◆ What is expected
Taking the entries below, transcribe only the lines starting with the one with "Due to some" and going on through the one with "model opening baby", exactly as written, without the pictures.

Data shown Start Marker

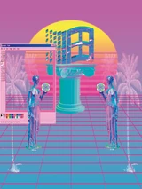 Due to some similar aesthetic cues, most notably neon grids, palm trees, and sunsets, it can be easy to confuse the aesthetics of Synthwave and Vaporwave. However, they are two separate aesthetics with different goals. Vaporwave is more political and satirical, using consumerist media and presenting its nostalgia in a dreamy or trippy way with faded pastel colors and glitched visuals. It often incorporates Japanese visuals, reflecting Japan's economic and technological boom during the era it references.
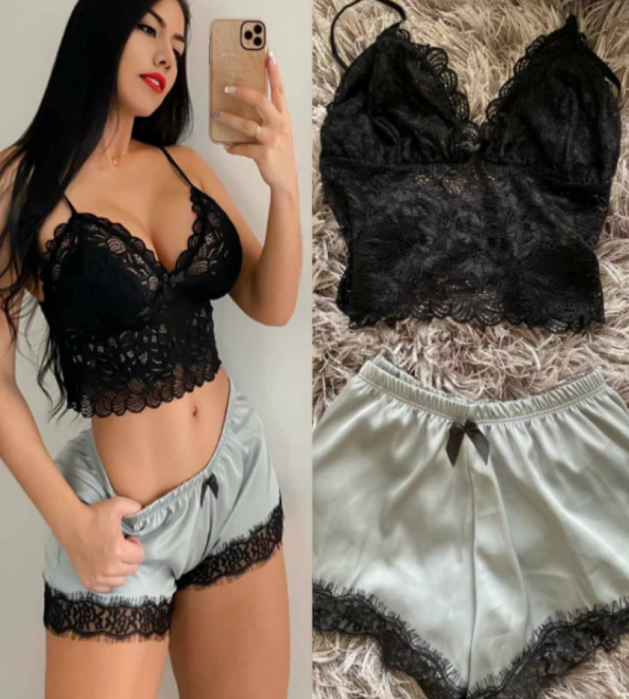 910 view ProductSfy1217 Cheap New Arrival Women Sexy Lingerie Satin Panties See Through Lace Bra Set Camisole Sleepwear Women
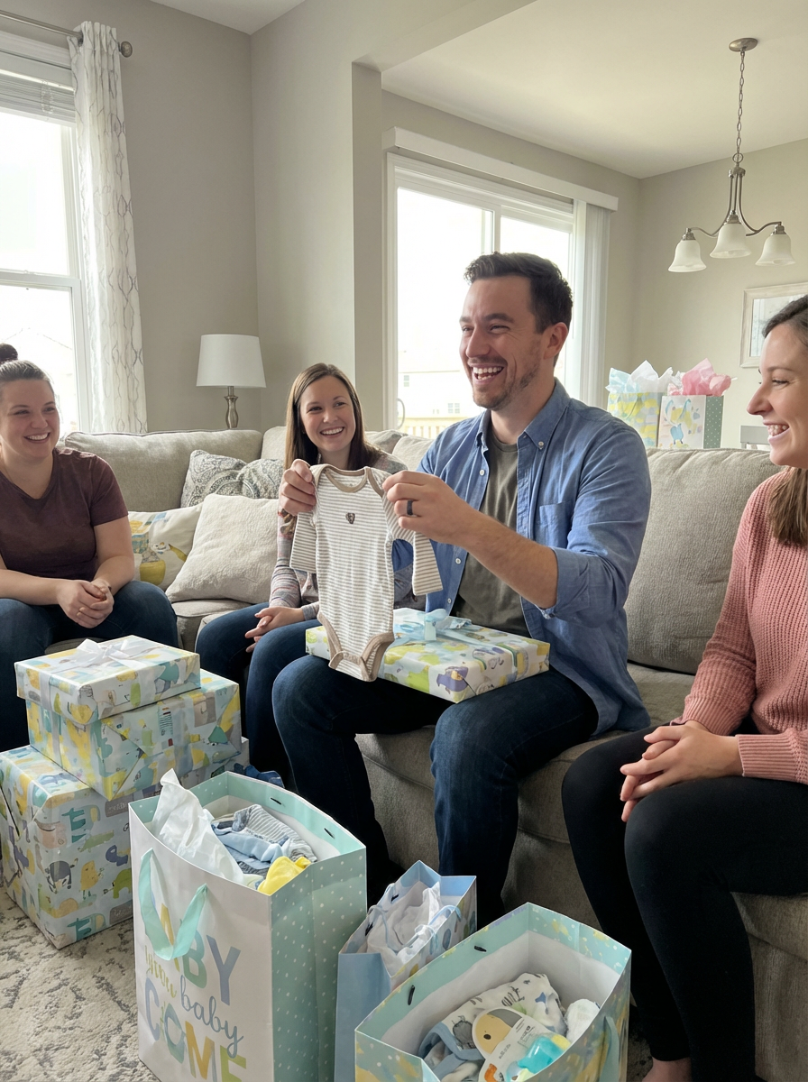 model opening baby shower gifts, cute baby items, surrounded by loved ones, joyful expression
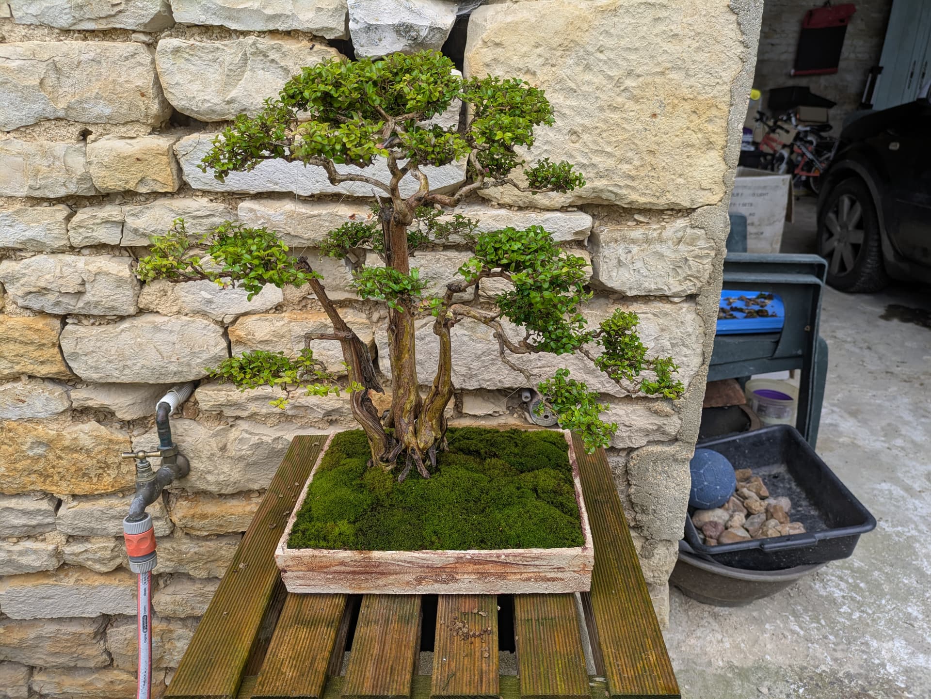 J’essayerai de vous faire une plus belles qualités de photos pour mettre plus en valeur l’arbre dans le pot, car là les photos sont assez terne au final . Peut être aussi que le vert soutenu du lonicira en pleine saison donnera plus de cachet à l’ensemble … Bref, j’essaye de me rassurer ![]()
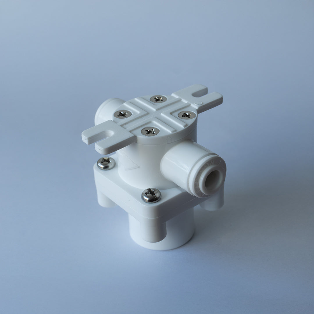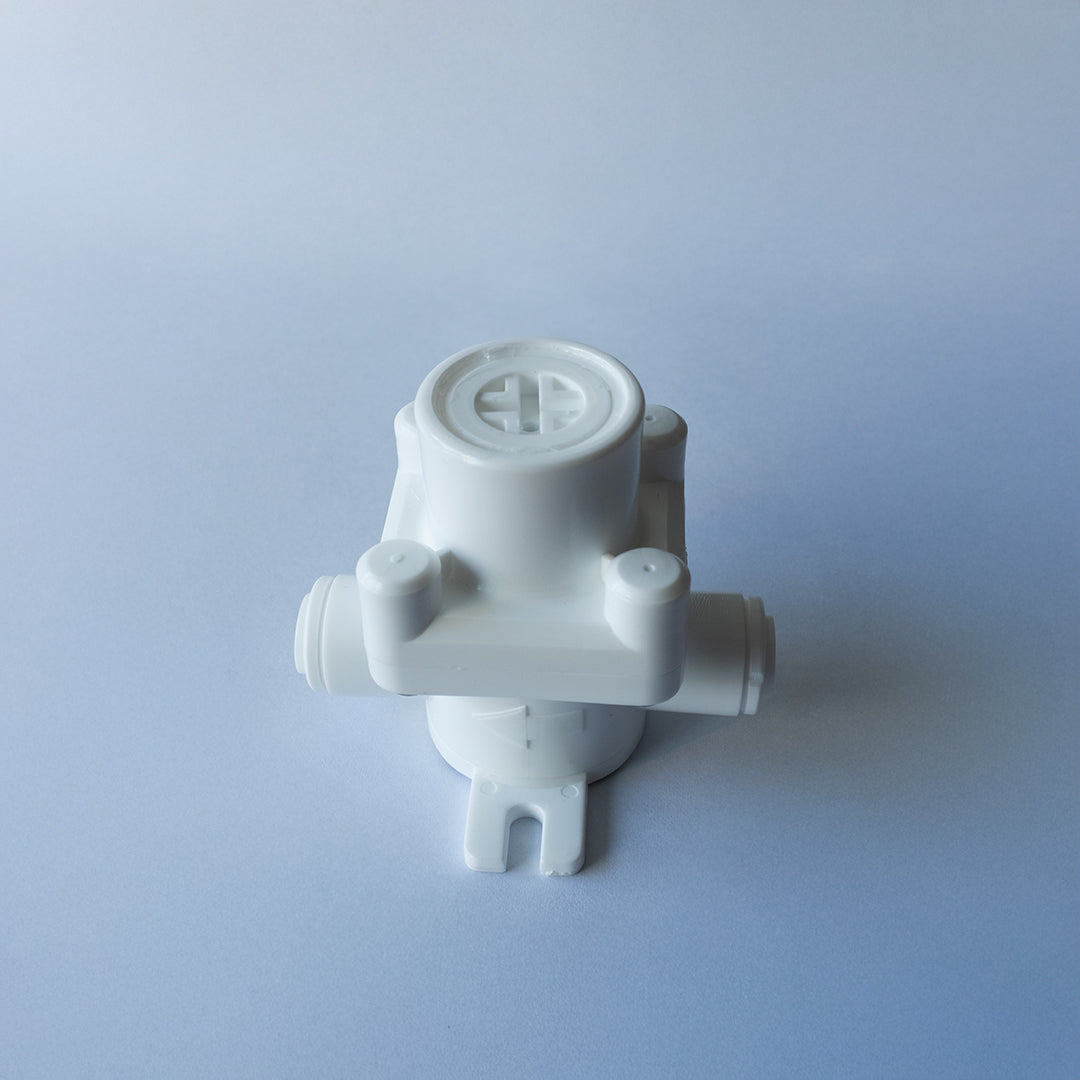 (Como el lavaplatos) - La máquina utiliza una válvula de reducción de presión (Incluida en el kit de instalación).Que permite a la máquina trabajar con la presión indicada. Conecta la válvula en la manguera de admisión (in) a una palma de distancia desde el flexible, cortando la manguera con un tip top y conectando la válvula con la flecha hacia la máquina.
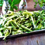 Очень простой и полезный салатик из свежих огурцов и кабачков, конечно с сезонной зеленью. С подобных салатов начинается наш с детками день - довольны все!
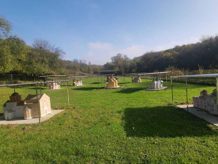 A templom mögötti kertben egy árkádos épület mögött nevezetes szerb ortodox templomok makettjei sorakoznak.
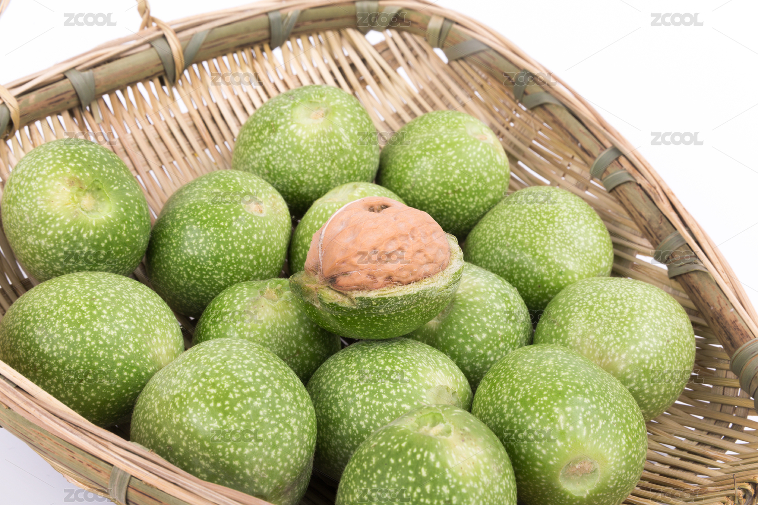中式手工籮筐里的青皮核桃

Data shown End Marker
Data shown Start Marker

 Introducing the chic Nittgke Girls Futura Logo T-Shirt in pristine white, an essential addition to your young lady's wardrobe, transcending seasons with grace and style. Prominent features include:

Data shown End Marker

◆ Written reply
 Due to some similar aesthetic cues, most notably neon grids, palm trees, and sunsets, it can be easy to confuse the aesthetics of Synthwave and Vaporwave. However, they are two separate aesthetics with different goals. Vaporwave is more political and satirical, using consumerist media and presenting its nostalgia in a dreamy or trippy way with faded pastel colors and glitched visuals. It often incorporates Japanese visuals, reflecting Japan's economic and technological boom during the era it references.
 910 view ProductSfy1217 Cheap New Arrival Women Sexy Lingerie Satin Panties See Through Lace Bra Set Camisole Sleepwear Women
 model opening baby shower gifts, cute baby items, surrounded by loved ones, joyful expression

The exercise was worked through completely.